# "Get Lost!" "I already picked up the box set."



## Mark Holtz (Mar 23, 2002)

This isn't a review per se. In fact, I've only glanced at one of the discs from the box set.

So, what possessed me to swing by Best Buy this morning on the way home from the dentist to pick up the set? Well, it turns out that some of Best Buy's sets of the series include "Lost: The Journey" which is the recap episode that aired on April 27th prior to the final four episodes of the season. It also contains NO chapter stop, much like the _24_ season one box set. The bonus DVD also includes two additional bonus clips. It would make a interesting appendix.

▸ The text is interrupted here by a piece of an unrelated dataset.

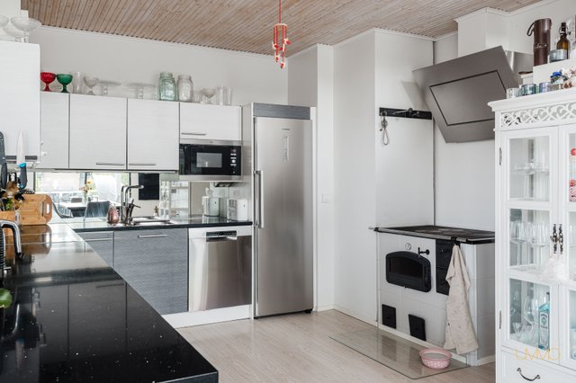 - Jääkaappipakastin, liesituuletin, mikroaaltouuni, astianpesukone, ja liesi
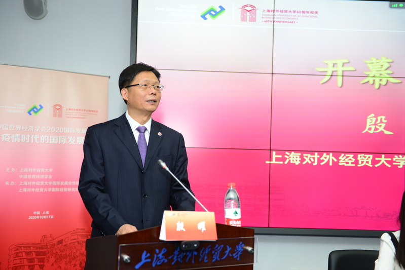 10月17日,由上海對外經貿大學與中國世界經濟學會主辦,國際發展合作研究院與國際經貿研究所承辦的主題為“后疫情時代的國際發展合作”中國世界經濟學會2020國際發展合作論壇在古北校區舉行。校黨委書記殷耀,中國農業發展銀行張文才副行長、商務部原歐洲司司長孫永福,商務部原援外司副司長、中國援外奉獻金獎獲得者王成安,國家國際發展合作署政策和規劃司代表谷瑩瑩,中國世界經濟學會代表、中國社科院世界經濟與政治研究所徐奇淵研究員出席論壇。來自國務院發展研究中心、商務部國際貿易與經濟合作研究院、中國社會科學院、復旦大學、廈門大學、吉林大學、中國農業大學、浙江師范大學、廣東外語外貿大學等高校和學術機構的專家學者,以及國家國際發展合作署、中國農業發展銀行、國家開發銀行、中國進出口銀行、中國貿促會投資促進中心、國際清算銀行等政府機關、行業機構的代表匯聚一堂,就后疫情時代的國際發展合作問題進行了深入探討。論壇開幕式由副校長張道方主持。

The series is presented in 16:9 aspect ratio instead of the 4:3 ratio. I didn't keep any of the episodes on my DirecTiVo, but I'll record tomorrow nights episode to see if it was cut off at the top and bottom for DVD, or cut off at the sides for broadcast.

In terms of packaging... _Star Trek_ Classic still holds the title for worst packaging. But, box set packaging seems to gone a step cheaper. Anyone remember the _Ultimate Matrix_ box set w/o the Neo Bust. They had specially designed trays that could hold TWO discs instead of one... and you have to remove the front disk in order to get to the other one. Such is the packaging here. (And, to be fair, this criticism also extends to the two-disk _Forest Gump_ DVD. Even though it's a double-wide DVD case, there is a lot of wasted space as THAT case implements that same two-disc arrangement).

Gotta love the suits. Not only do we now have the interview/commentary disclaimer when you load up the disc, but now it shows up at the beginning of the episode if you have the commentary selected. However, I played the first part of the Pilot-Part One episode, and they actually switched to some behind-the-scenes footage and then back to the actual show.


----------



## Mark Holtz (Mar 23, 2002)

I did a quick A-B comparison just now of "Do No Harm". It appears that the series was broadcast with the sides chopped off. Another interesting aspect is that if you have your player set to 4:3 P&S, it will "zoom in" and display the show as broadcast. (This should shut out all of the black bar complainers).

I really need to bug Toshiba to get some updated firmware for both of my Toshiba players. My SD-4960 (which was a free replacement of my SD-3108 due to a class action settlement) sometimes displays Disney menus improperly, while the downstairs Toshiba occassionally glitches on a disc or two. That's how I discovered the "zoom in".


----------